I suspect our farm used to be a cattle place, either beef or dairy. But the owners for the past half century had sheep, so all of our fencing is for the little wooly guys, not our equines…both of whom are taller than average anyway. After the house is livable, one of our first projects is to tackle the fencing. We already had a horse loose the other day, and the only sign of where he got out was a tangled mess of sheep fencing that I suspect he got stuck in, then ended up on the wrong side of the fence once he’d freed himself.

Until that time, the only fencing we’re tackling is the fence with no purpose. So on a recent and very welcome sunny day, I tackled the remaining fencing in the sideyard, the purpose of which I will never know.
I planned on an hour or two. It took me all day. Why? Because the grass and other vegetation had grown up and over the bottom wires of the fence. It was no longer a matter of simply unhooking the fencing from the t-posts. It was a matter of battling sod. Have you ever battled sod? Sod is a tough opponent! Those grass roots are strong and matted and near impossible to work against.
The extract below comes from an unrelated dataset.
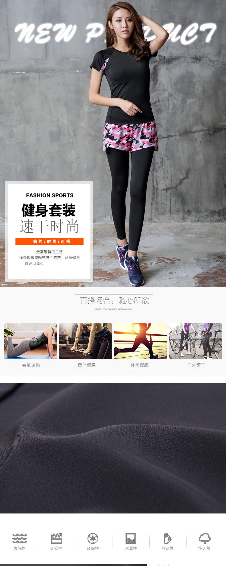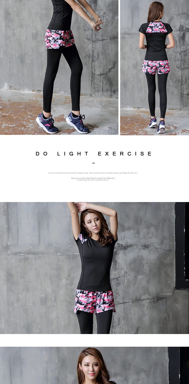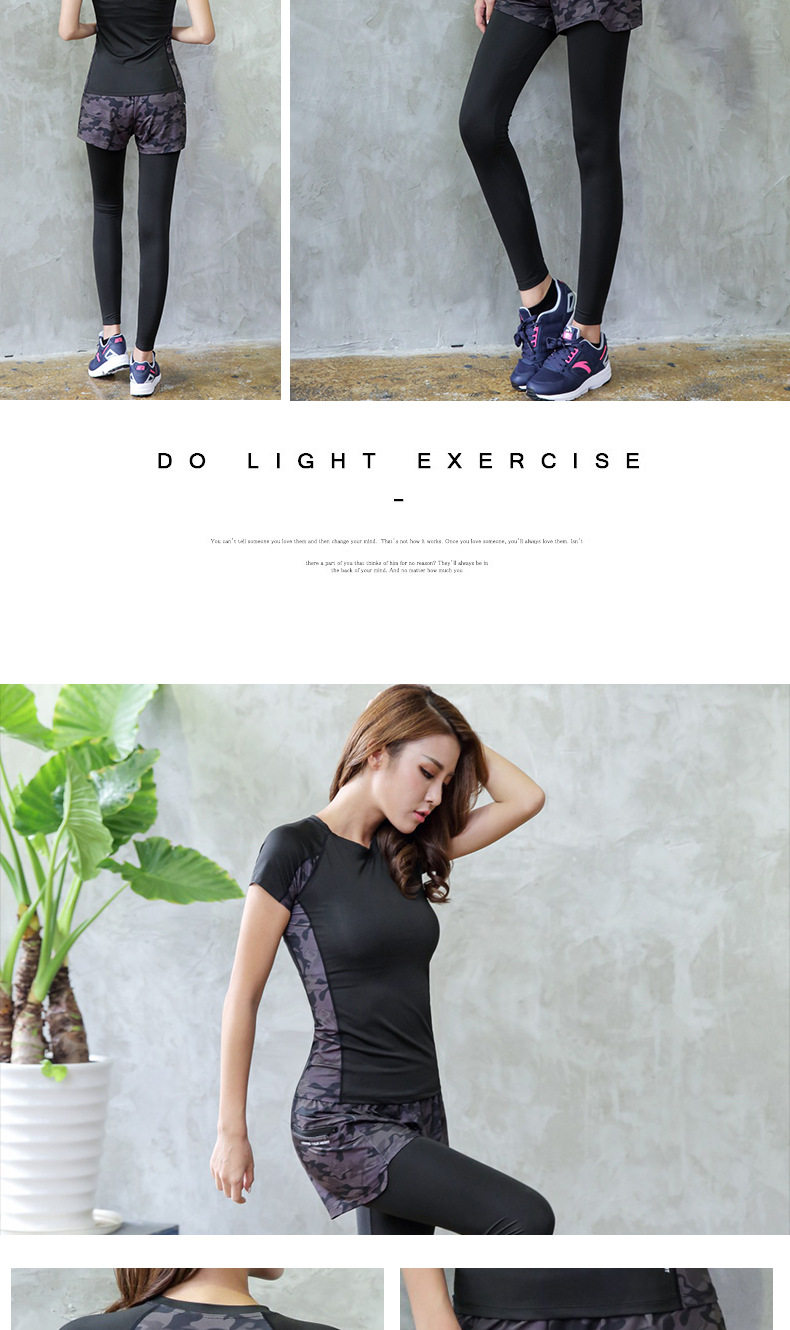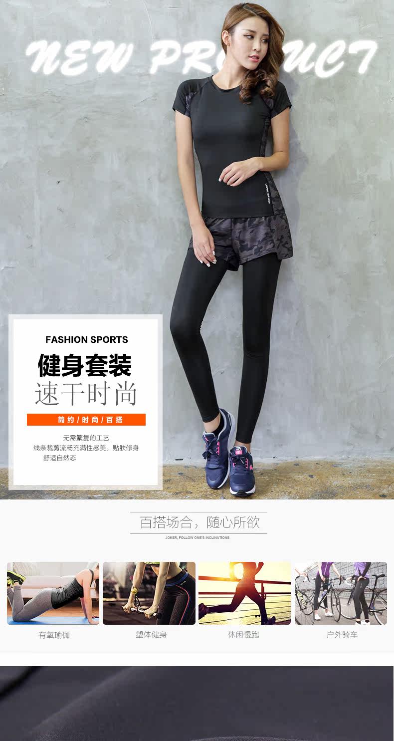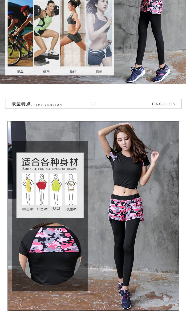 韩国健身服运动套装女瑜伽服三件套秋冬季迷彩速干假两件长裤跑步

In one place, a tree had grown through the fencing. That bit of fencing is still waiting to get pulled out. I tried taking a saw to the tree finally, but can’t get a good angle…because of the fencing!
The day the horse was loose, we discovered a pile of old fencing behind the barn, just piled there and grown over by plants and grass until you saw a mound, not a pile of dangerous wires. That’s an area we turn the horses out to, so it had to go! Once again, the battle against sod, but this time the fencing was rusted and kept breaking as we worked to pull it out, until we ended up with as many little pieces of fence as big huge ones.

It is a bit frustrating when there is so much work to be done on the house to be spending time on these other things, but sometimes the cosmetic improvement is worth being sidetracked, and sometimes it’s a safety issue and requires immediate attention.
And sometimes it’s nice to take a break from the project that is the poor, neglected farmhouse to simply fight the sod, wrench a t-post from the ground, and feel the satisfaction of hard, manual labor.